#### [TASK STATEMENT]
Return the material exactly, first line through the line containing "1000 (4×250) Disposable", and nothing more. Pictures stay out.

#### [INPUT]
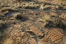 La « séquence du Transvaal » débute il y a environ 2 300 Ma[27]. L'apparition d'algues primitives couplée à la salinité de l'eau entraîne un second dépôt carbonaté composé de dolomie dans les endroits où la mer est la plus profonde et où les dépôts organiques sont nombreux et de chaille là où des précipitations d'eau douce réduisent la concentration en silice[27],[25]. Ces deux roches sont réunies dans la « dolomie Malmani »[27]. Les algues à l'origine du dépôt carbonaté se retrouvent fossilisées dans la dolomie : cela forme des stromatolithes. La taille de ces fossiles est variable puisqu'on en trouve des échantillons de quelques centimètres à des roches de plusieurs mètres de diamètre[28]. L'eau s'infiltre dans les grandes cavités que laissent la chaille et la dolomie une fois qu'elles se sont solidifiées. La mer s'assèche peu à peu et, avec l'augmentation de la température, le sable se cristallise et conserve ainsi les rides créées par les vagues[29].
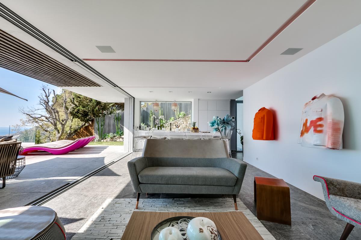 – Séjour avec grandes baies vitrées donnant sur la piscine et la mer, ouvrant sur la cuisine
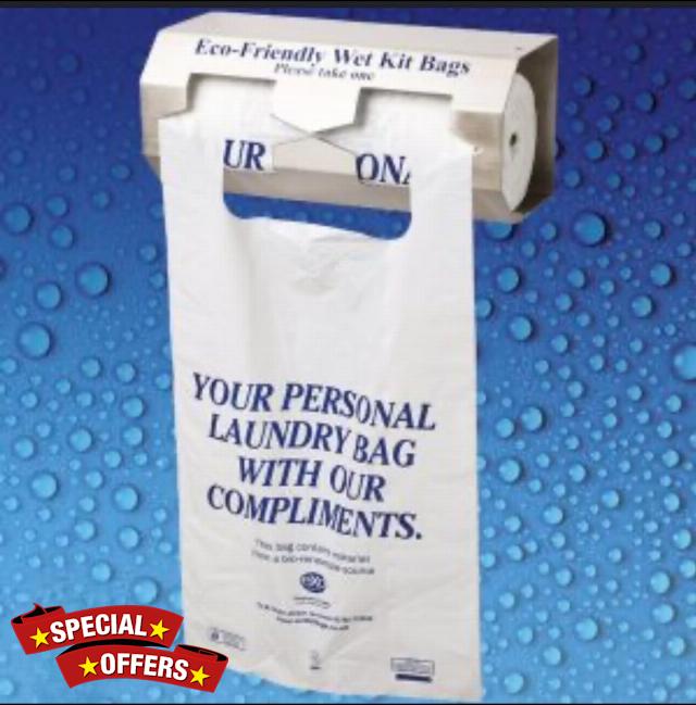 1000 (4×250) Disposable Printed Wet Kit Bags in a White HD Poly Material. Printed in Blue Text 'Your Personal Laundry Bag with our Compliments', Perforated on a Roll. Sports Clubs, Leisure Centres
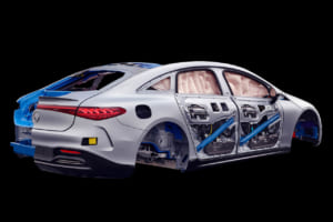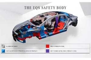 特にEQSのドアシルには、大型のアルミニウム押出材が使用されており、安定したバッテリーケースと他の対策の組み合わせにより、高電圧バッテリーの事故安全性が高くなっている。EQSのセーフティボディの材質構造は、アルミニウム、鋳造アルミニウム、高張力鋼、超張力鋼である。加えて、アルミニウムを多く含む素材をインテリジェントに組み合わせて、高強度の鋼から作られた補強材は、高い安全要件を達成するために使用されている。EQSのサイドドアのアルミニウムシートの下には、アルミニウム押出材があり、側面衝突が発生した場合にボディ構造に力を分散させる。
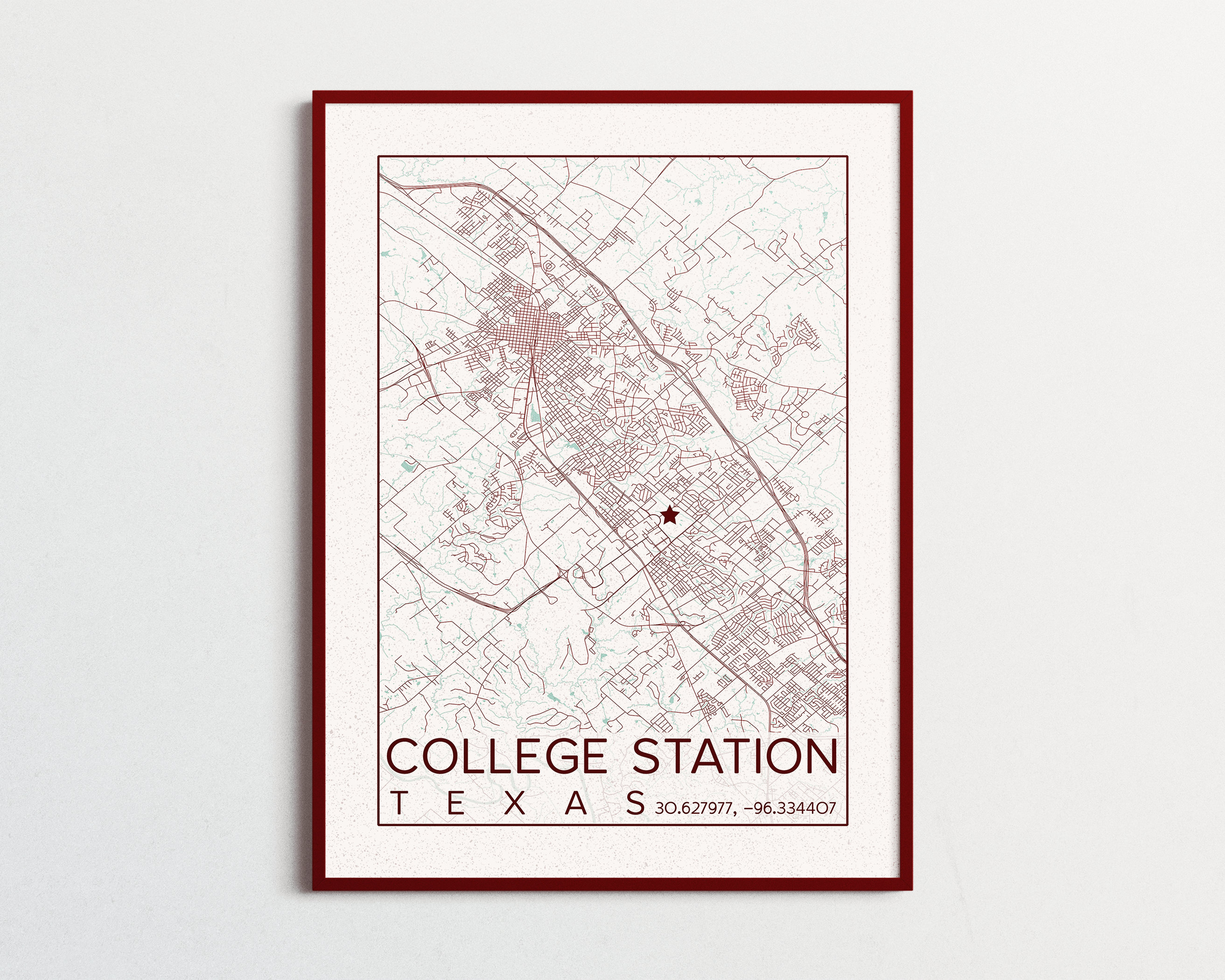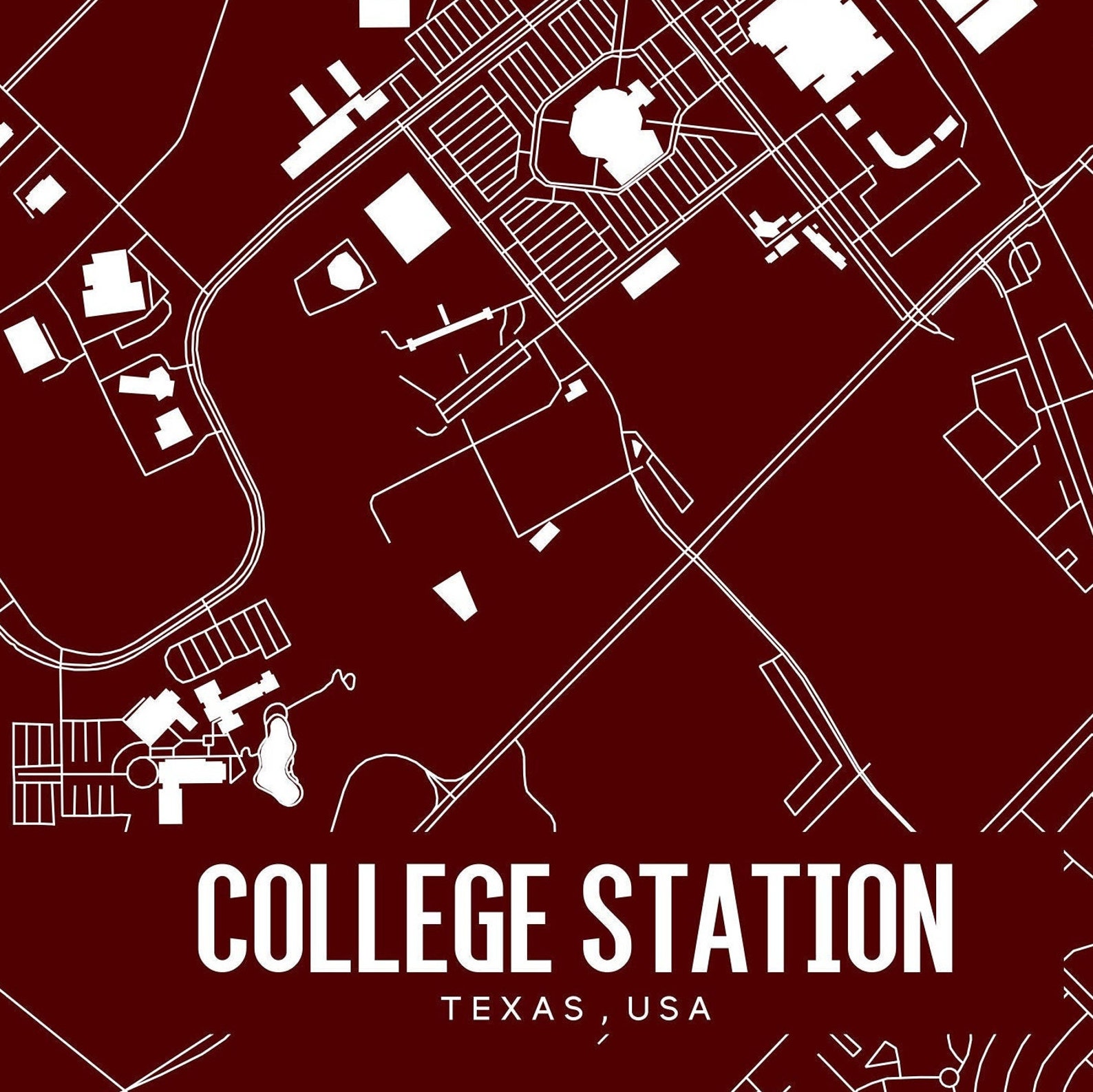 College Station Texas Printable Map Texas A&M Wall Art Etsy
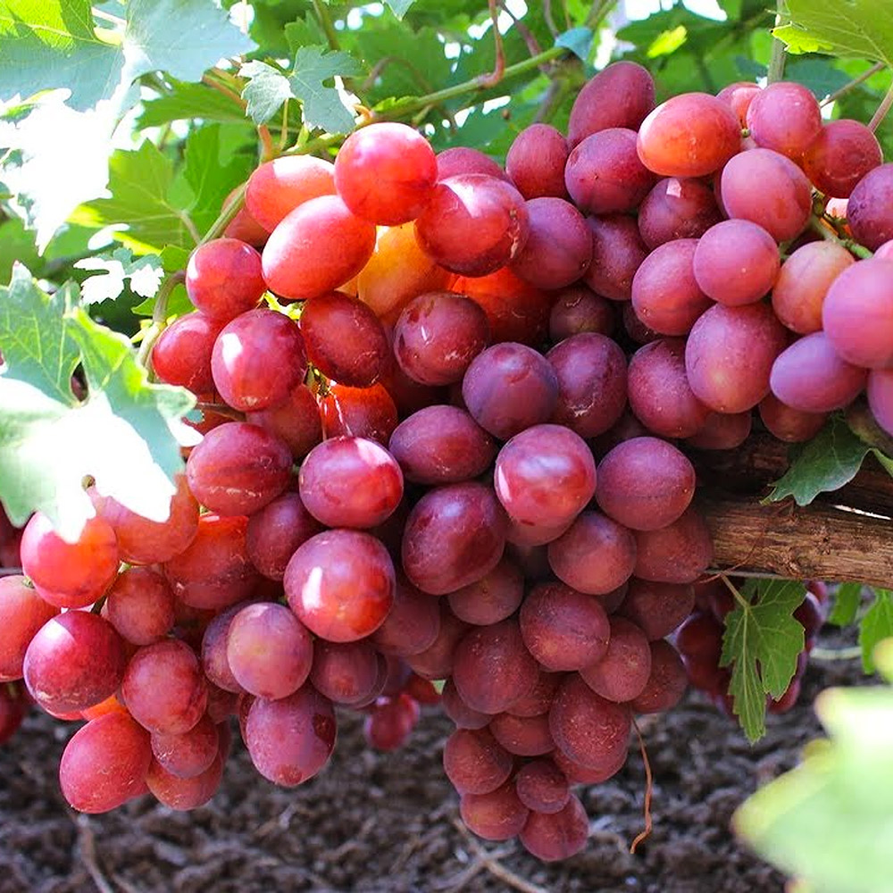 Дополнительно: Ягоды округло-удлиненной формы, овальные, очень крупные, массой до 10-12 г при нормировании нагрузки на лозу, мясистые, имеют пруиновый налет, в полной спелости могут приобретать лиловый оттенок. Вкус сбалансированный, гармоничный, присутствуют мускатные нотки. Формирует цилиндро-конические грозди. Плодоношение обильное.
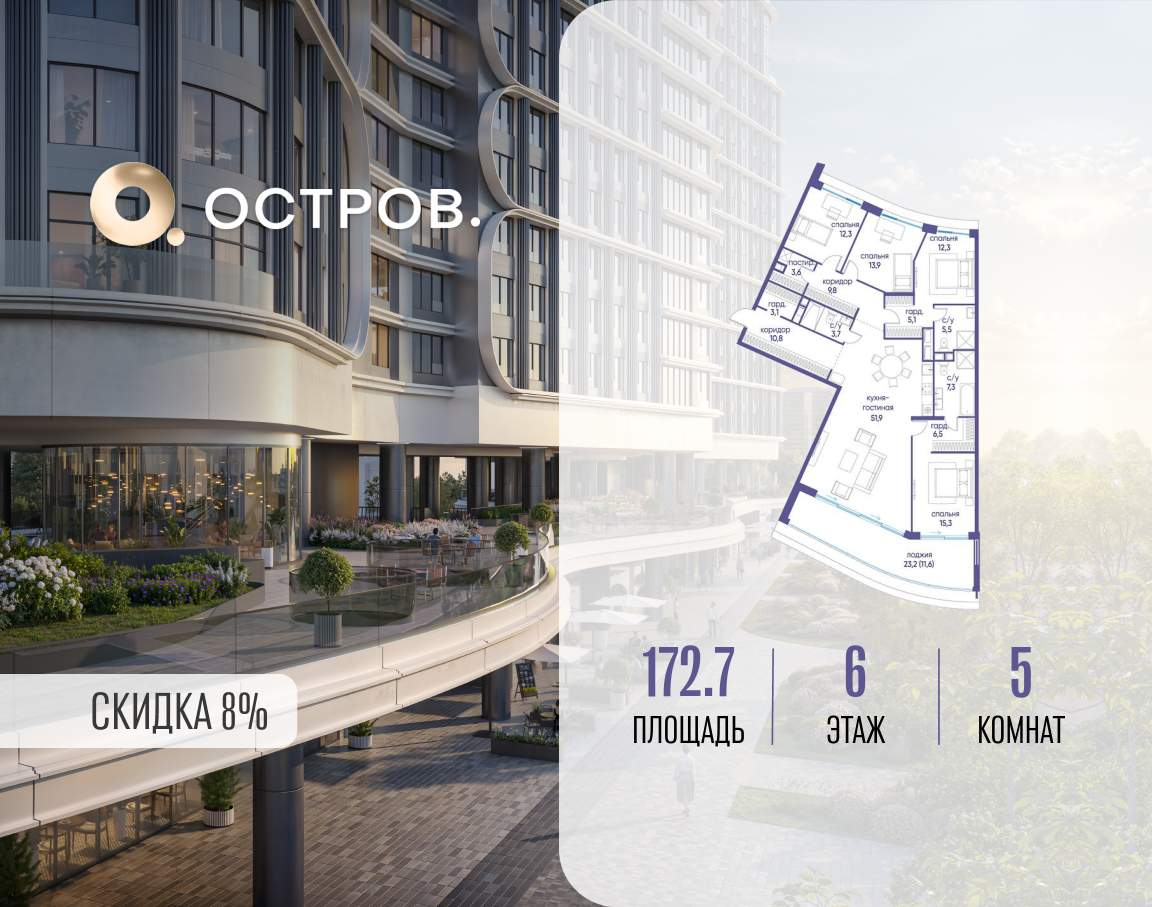 Продаётся квартира от застройщика: общая площадь 172.70 м, жилая 53.80 м, кухня 51.90 м, 6-й этаж, жилой квартал «Остров 7», корпус 3 (секция 2) . Срок сдачи: 1 квартал 2028 года.
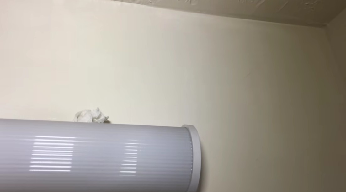 Když se podívali na horní část světla v koupelně, našli starý použitý kapesník
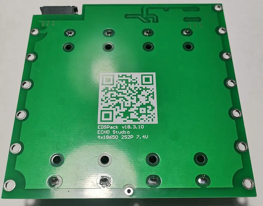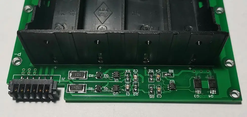 С ёмкостью я немного ошибся. Оказывается, элементы соединяются параллельно по два, ёмкость сборки увеличивается в два раза. У меня получилось 6600мА/Ч (6600mA/H). Следует учесть, что производится балансировка двух элементов одновременно. И, самое главное, все элементы нужно устанавливать клеммой "+" в сторону разъема!! (на плате есть соответствующая маркировка) Кому интересно, на фото печатная плата с демонтированным держателем элементов.
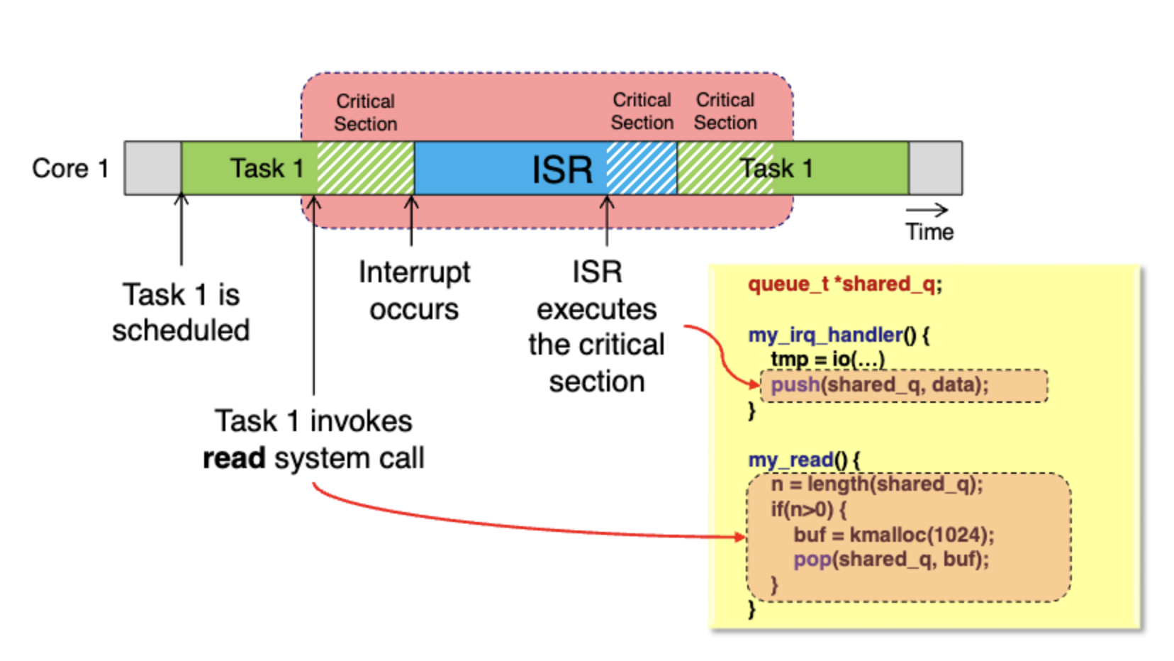 1번 task가 queue에서 데이터를 하나 read하려고한다. 즉 critical section에 진입한다. 그런데 중간에 interrupt가 발생해버렸다. Interrupt Service Routine이 interrupt handler를 호출하고 queue에 push작업을 처리하려고 한다. task 1, 2에 의해 shared_q에 대한 race condition이 발생한다.
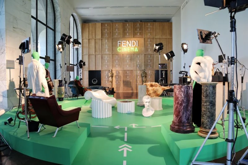 P.B.:這個展覽室希望能讓大家知道 Fendi 與電影是如何產生連結的,也可以觀看、進而尋找電影跟時尚裡的有趣之處,體驗作為電影明星的滋味。Fendi 其實跟電影有很真切的連結,當年卡爾與 Fendi 姐妹花就跟奧斯卡得主的義大利名導費里尼是至交,而費里尼導演與另一位奧斯卡金像獎最佳服裝的得主,當時常坐在一起拍片、吃義大利麵,不過只是流轉的片刻,電影就此在這個世界上變得越來越流行。在好萊塢都尚未成為主流時,義大利已是世界首都,Fendi 在當時就與電影同行,參與了電影製作、奧斯卡大獎,而這樣美麗的故事亦應該要被更多人知道。

#### [YOUR SOLUTION]
 La « séquence du Transvaal » débute il y a environ 2 300 Ma[27]. L'apparition d'algues primitives couplée à la salinité de l'eau entraîne un second dépôt carbonaté composé de dolomie dans les endroits où la mer est la plus profonde et où les dépôts organiques sont nombreux et de chaille là où des précipitations d'eau douce réduisent la concentration en silice[27],[25]. Ces deux roches sont réunies dans la « dolomie Malmani »[27]. Les algues à l'origine du dépôt carbonaté se retrouvent fossilisées dans la dolomie : cela forme des stromatolithes. La taille de ces fossiles est variable puisqu'on en trouve des échantillons de quelques centimètres à des roches de plusieurs mètres de diamètre[28]. L'eau s'infiltre dans les grandes cavités que laissent la chaille et la dolomie une fois qu'elles se sont solidifiées. La mer s'assèche peu à peu et, avec l'augmentation de la température, le sable se cristallise et conserve ainsi les rides créées par les vagues[29].
 – Séjour avec grandes baies vitrées donnant sur la piscine et la mer, ouvrant sur la cuisine
 1000 (4×250) Disposable Printed Wet Kit Bags in a White HD Poly Material. Printed in Blue Text 'Your Personal Laundry Bag with our Compliments', Perforated on a Roll. Sports Clubs, Leisure Centres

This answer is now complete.